Given data START
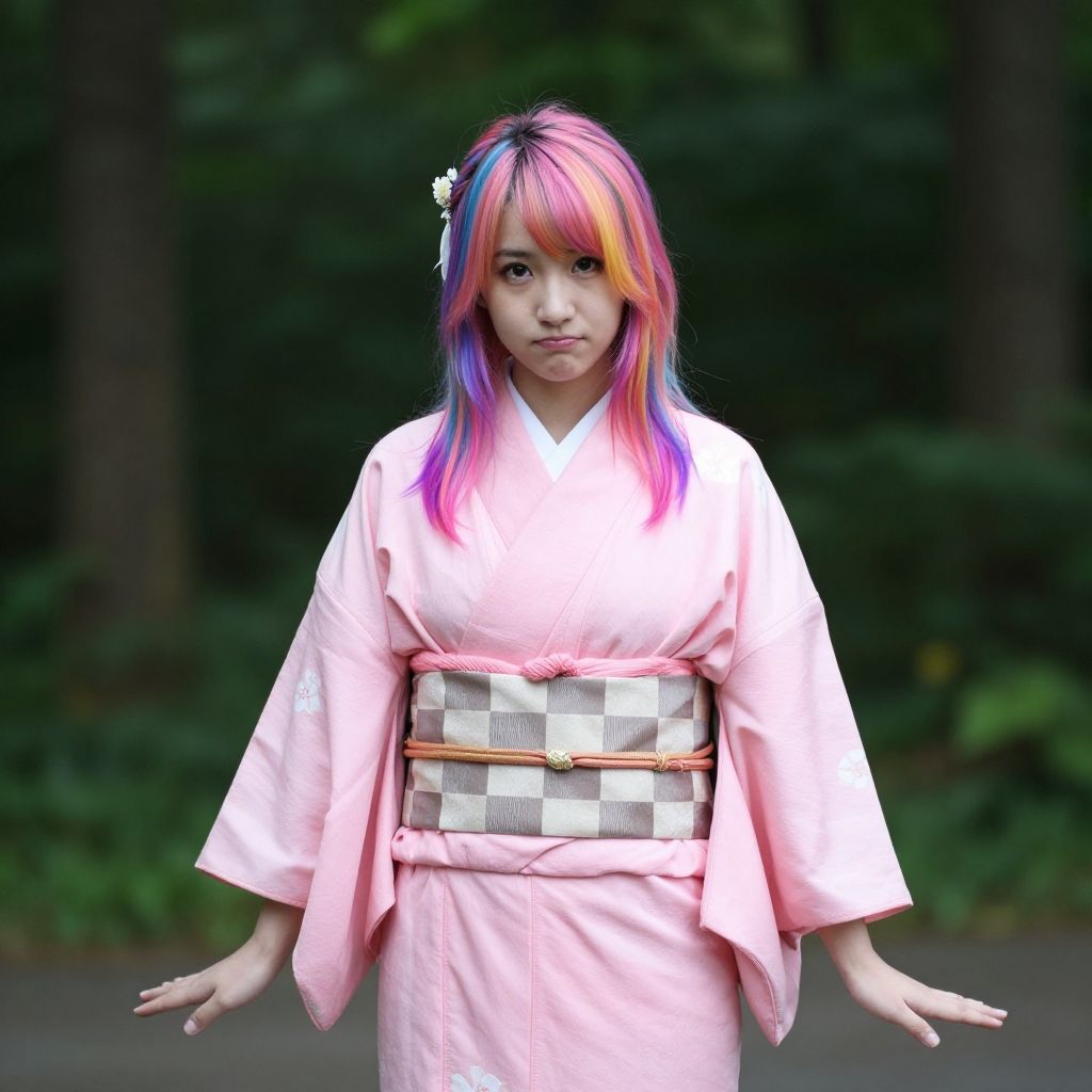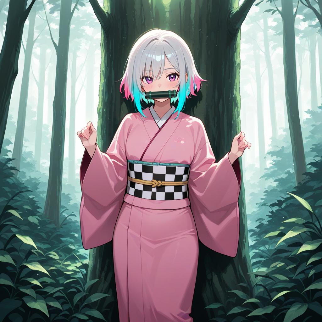 Masterpiece, best quality, 1girl, multicolored hair, pink kimono, bit gag, checkered sash, looking at viewer, standing, in forest, perfect light, hands away
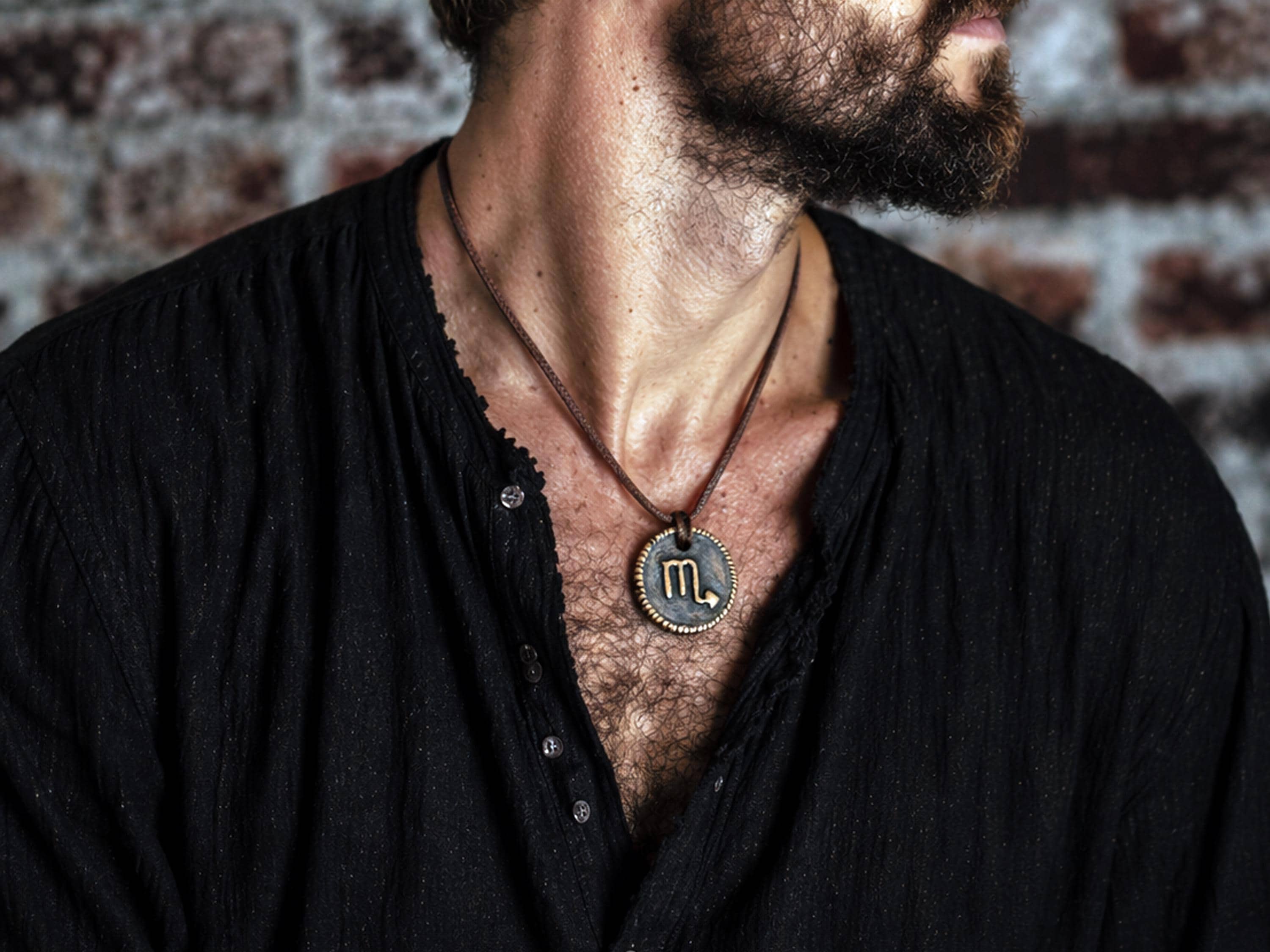 A rustic handmade Scorpio zodiac necklace for lovers of astrology, mystery, and earthy handmade jewellery.
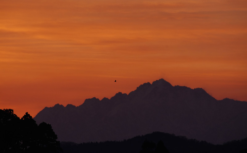 薄雲がやってきた夜明け前 刻々と赤の度合いが変わる
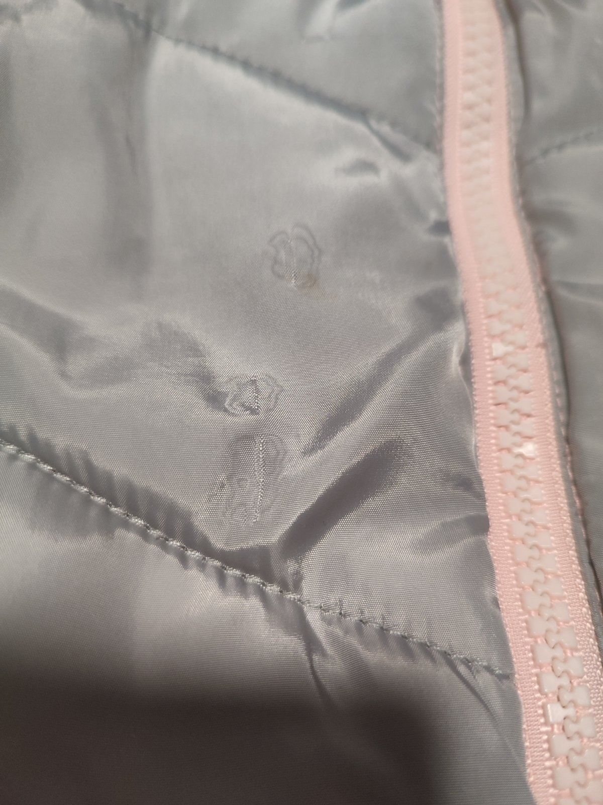 Ma fľaky/ vyblednute miesta a jedno vrecko ma vnutri potrhanu podsivku.Zips funguje.
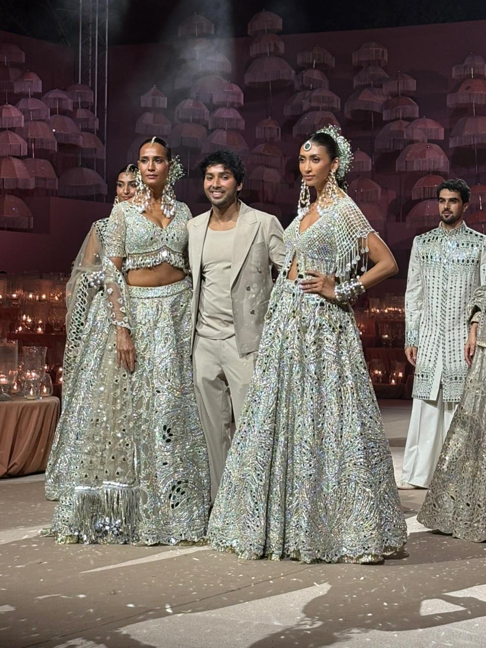 With prints expanding to watercolour washes, abstract interpretations, geometric repeats, and floral sketches, the collection saw embellishments layering richness into the outfits with pearl, sequin dori and kirkiri embroidery. Mishra's signature mirror work and gota took centrestage, glistening across bridal lehengas, flowing anarkaliis and contemporary separates.
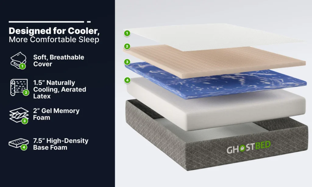 - Standard GhostBed: Offers dependable support and plush cushioning, but lacks the extra wellness-oriented layers.
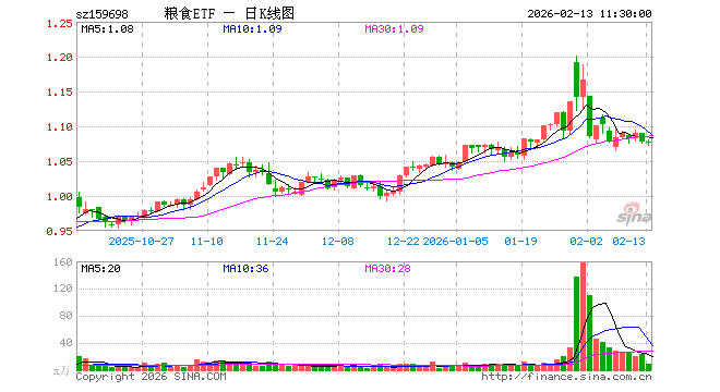 2月13日,截止午间收盘,粮食ETF(159698)跌0.28%,报1.075元,成交额961.59万元。粮食ETF(159698)重仓股方面,大北农截止午盘跌0.25%,隆平高科涨0.10%,北大荒涨0.00%,荃银高科涨0.00%,神农种业涨1.26%,藏格矿业跌1.25%,亚盛集团跌0.87%,农发种业涨0.83%,盐湖股份跌0.85%,云天化跌2.05%。
Given data END
--- Description of the task ---
Please transcribe word for word the lines from the one bearing "- Standard GhostBed: Offers" through the last line of the records above, omitting the pictures.

--- Output ---
 - Standard GhostBed: Offers dependable support and plush cushioning, but lacks the extra wellness-oriented layers.
 2月13日,截止午间收盘,粮食ETF(159698)跌0.28%,报1.075元,成交额961.59万元。粮食ETF(159698)重仓股方面,大北农截止午盘跌0.25%,隆平高科涨0.10%,北大荒涨0.00%,荃银高科涨0.00%,神农种业涨1.26%,藏格矿业跌1.25%,亚盛集团跌0.87%,农发种业涨0.83%,盐湖股份跌0.85%,云天化跌2.05%。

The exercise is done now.